• DATA TO USE

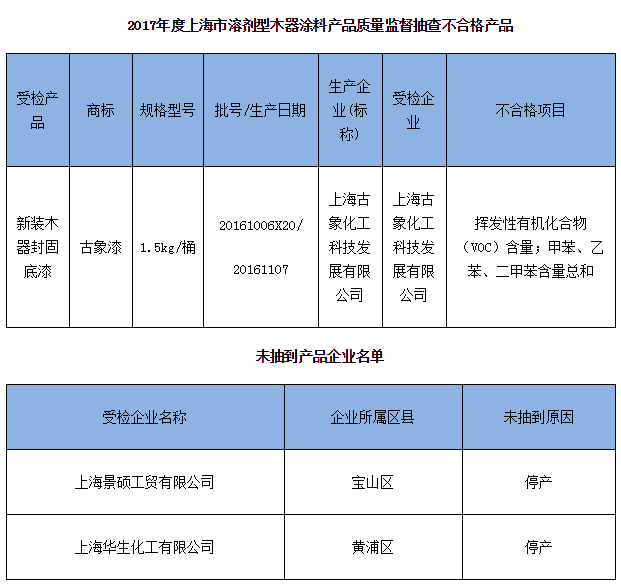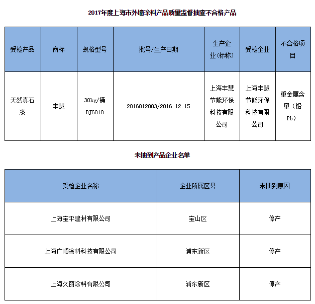 本次抽查發(fā)現(xiàn),上海古象化工科技發(fā)展有限公司生產(chǎn) (標(biāo)稱)的1批次“古象漆”新裝木器封固底漆(1.5kg/桶 20161006X20/ 20161107)不合格,涉及的不合格項(xiàng)目為揮發(fā)性有機(jī)化合物(VOC)含量和甲苯、乙苯、二甲苯含量總和。據(jù)本次發(fā)布的《2017年度上海市外墻涂料產(chǎn)品質(zhì)量監(jiān)督抽查不合格產(chǎn)品》名單,上海豐慧節(jié)能環(huán)??萍加邢薰旧a(chǎn) (標(biāo)稱)的1批次“豐慧”天然真石漆(規(guī)格型號(hào):30kg/桶 DJ6010 ;批號(hào)/生產(chǎn)日期:2016012003/2016.12.15)不合格,涉及的不合格項(xiàng)目為重金屬含量(鉛Pb)。
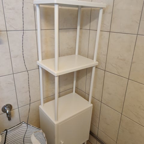 Näppärä kulma- tai allashylly kylpyhuoneeseen tai muuhun säilytykseen. Ylimmällä tasolla pieni haalentuma, ei näy häiritsevästi käytössä. Kunnossa ei muita moitteita. Nouto Vallilasta!
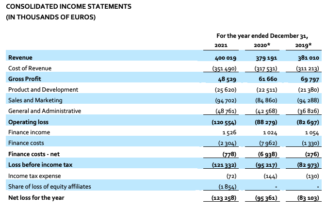 A few things jump out at once, including slow revenue growth in 2021 and negative historical growth in 2020. The company has also posted decreasing gross profit results — and falling gross margins — in recent years. Those declines are contrasted against rising sales and marketing costs, leaving the company with stiff — and growing — deficits.
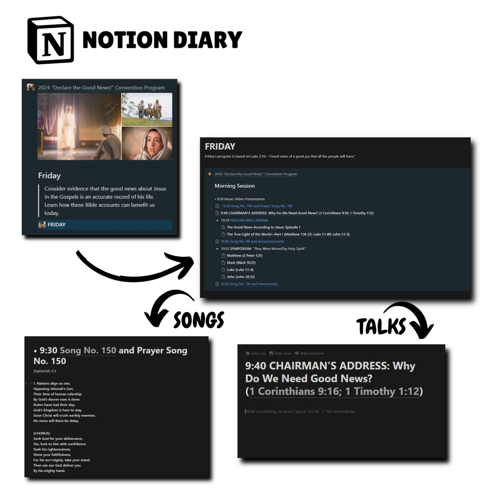 Notion Template for taking notes for your 2024 Convention—“Declare the Good News!”
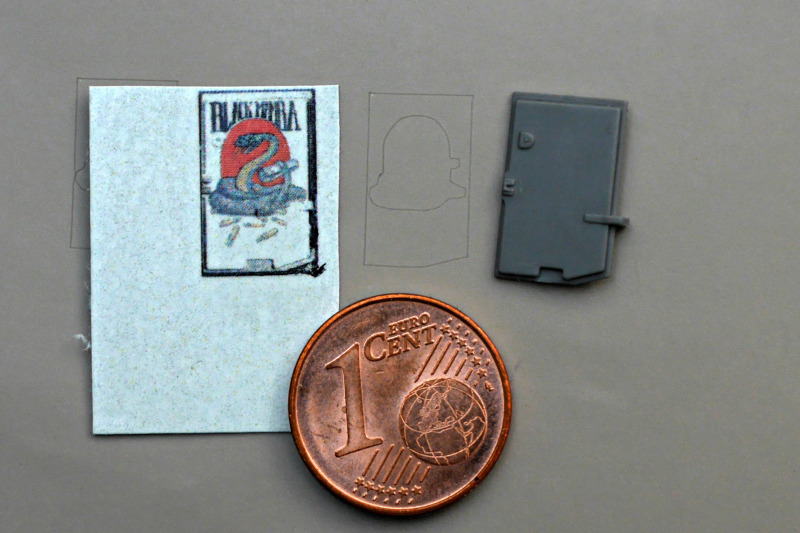 Nach Hinweisen auf Unvollkommenheiten der Bausatzdecals kam noch ein weiterer Satz von Jeight Design aus Südkorea dazu, der wiederum ein kleines, aber wichtiges Korrektur-Blatt enthält. Wobei sich die Unvollkommenheit auf die Recherche bezieht - in Sachen Druck- und Verarbeitungsqualität sind die in China gedruckten Kit-Decals über jeden Zweifel erhaben! Es fehlen schlicht Elemente, wobei ich zugeben muss, dass es im Laufe der Zeit Veränderungen gegeben hat. Weil ich sehr gute Fotos gefunden hatte, habe ich auch die Schlange in der Tür der Einstiegsleiter mit einer Kombination aus Masken und selbstgedruckten Decals gestaltet. Das zeige ich mal etwas ausführlicher - diese Vorgehensweise kann bestimmt mal jemand gebrauchen!
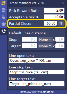 If we set 50% and we have an open order of for example 0.24 lots, then after clicking the “Close 50%” button Trade Manager will close 0.12 lot of the transaction. After re-clicking “Close 50%” 0.06 lot will be closed, the next click will close 0.03 lot and so on..

• EXERCISE
Since the pictures are not wanted, write out the rest of the data exactly as it reads.

• ANSWER BELOW
 本次抽查發(fā)現(xiàn),上海古象化工科技發(fā)展有限公司生產(chǎn) (標(biāo)稱)的1批次“古象漆”新裝木器封固底漆(1.5kg/桶 20161006X20/ 20161107)不合格,涉及的不合格項(xiàng)目為揮發(fā)性有機(jī)化合物(VOC)含量和甲苯、乙苯、二甲苯含量總和。據(jù)本次發(fā)布的《2017年度上海市外墻涂料產(chǎn)品質(zhì)量監(jiān)督抽查不合格產(chǎn)品》名單,上海豐慧節(jié)能環(huán)??萍加邢薰旧a(chǎn) (標(biāo)稱)的1批次“豐慧”天然真石漆(規(guī)格型號(hào):30kg/桶 DJ6010 ;批號(hào)/生產(chǎn)日期:2016012003/2016.12.15)不合格,涉及的不合格項(xiàng)目為重金屬含量(鉛Pb)。
 Näppärä kulma- tai allashylly kylpyhuoneeseen tai muuhun säilytykseen. Ylimmällä tasolla pieni haalentuma, ei näy häiritsevästi käytössä. Kunnossa ei muita moitteita. Nouto Vallilasta!
 A few things jump out at once, including slow revenue growth in 2021 and negative historical growth in 2020. The company has also posted decreasing gross profit results — and falling gross margins — in recent years. Those declines are contrasted against rising sales and marketing costs, leaving the company with stiff — and growing — deficits.
 Notion Template for taking notes for your 2024 Convention—“Declare the Good News!”
 Nach Hinweisen auf Unvollkommenheiten der Bausatzdecals kam noch ein weiterer Satz von Jeight Design aus Südkorea dazu, der wiederum ein kleines, aber wichtiges Korrektur-Blatt enthält. Wobei sich die Unvollkommenheit auf die Recherche bezieht - in Sachen Druck- und Verarbeitungsqualität sind die in China gedruckten Kit-Decals über jeden Zweifel erhaben! Es fehlen schlicht Elemente, wobei ich zugeben muss, dass es im Laufe der Zeit Veränderungen gegeben hat. Weil ich sehr gute Fotos gefunden hatte, habe ich auch die Schlange in der Tür der Einstiegsleiter mit einer Kombination aus Masken und selbstgedruckten Decals gestaltet. Das zeige ich mal etwas ausführlicher - diese Vorgehensweise kann bestimmt mal jemand gebrauchen!
 If we set 50% and we have an open order of for example 0.24 lots, then after clicking the “Close 50%” button Trade Manager will close 0.12 lot of the transaction. After re-clicking “Close 50%” 0.06 lot will be closed, the next click will close 0.03 lot and so on..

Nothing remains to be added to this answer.